I was 18 when I found out. Freshly out of high school. My boyfriend was mentally ill at the time and times were extremely rough. He got the help he needed and he is doing amazing now, but that’s beside the point of this story.

I found out in a grocery story bathroom. I was late by 3 weeks and decided I should take a test. I bought it, went straight to the restrooms and just like that, positive. I cried for minutes wondering what I was going to do with my life. Keep in mind, at this time, I was against abortions. I was raised in a household where it was sin to do so. So I was terrified. Terrified because I knew no matter what I went though with, there would be trouble.

I didn’t tell anyone for weeks. The first person I told was my best friend at the time. She was happy, excited to be “aunt”. But I was struggling with what I knew was going to be the most difficult situation in my life yet. I couldn’t even tell my boyfriend I was so scared it would affect his mental health or our relationship.

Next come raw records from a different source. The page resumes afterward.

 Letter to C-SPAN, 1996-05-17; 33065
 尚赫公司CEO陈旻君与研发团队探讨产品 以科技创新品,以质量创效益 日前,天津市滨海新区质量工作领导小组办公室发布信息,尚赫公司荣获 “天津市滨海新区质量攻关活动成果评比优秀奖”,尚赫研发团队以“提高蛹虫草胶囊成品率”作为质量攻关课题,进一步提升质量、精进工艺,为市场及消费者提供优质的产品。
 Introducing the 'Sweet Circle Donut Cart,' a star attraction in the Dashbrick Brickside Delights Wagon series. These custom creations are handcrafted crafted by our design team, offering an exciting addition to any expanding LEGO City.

After a few weeks, I finally couldn’t continue with the 2 am bathroom cries when everyone was asleep. I broke down and told my boyfriend. He was struggling just as much as I. While we both would have loved to be parents, we knew we couldn’t give a life to this child that would be fair. And that if we went through with an adoption, I would be “disowned” by my family.

While all this stress and fear was running through us, I was preparing myself to go through with it and become a teen mom. However, my boyfriend couldn’t handle only him and I knowing so he told his mom. I was furious with him.

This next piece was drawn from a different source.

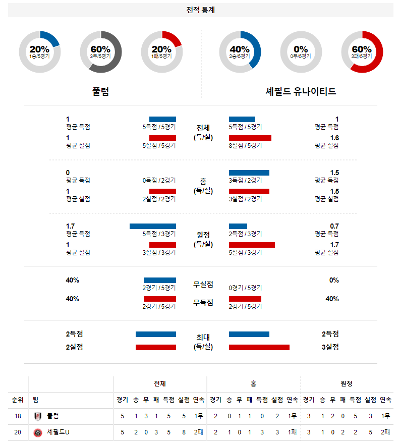 ◎ 셰필드 (리그 20위 / 패승패승패)

His mom came to me a few days later and we talked. She told me how she had an abortion before him and as scary and difficult as it was, it was the best thing she did for herself. For her own right. She pretty much told me I had no choice but to go through with the abortion option. I resented her for even bringing it up to me for the longest time. Sometimes I still do, but I know she was right.

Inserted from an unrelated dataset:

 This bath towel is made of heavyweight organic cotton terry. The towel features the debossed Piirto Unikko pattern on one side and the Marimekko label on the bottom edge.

And as you probably know where this story goes, I went through with the abortion. I was 12 weeks in when it happened. The pill was no longer available at that time. It was extremely difficult for me to have to go through, but 3 years later and even tho I still get upset about it from time to time and have a breakdown on the annual date, it was the best decision I made for myself and my “what if”. And that moment will always be my favourite “what if”.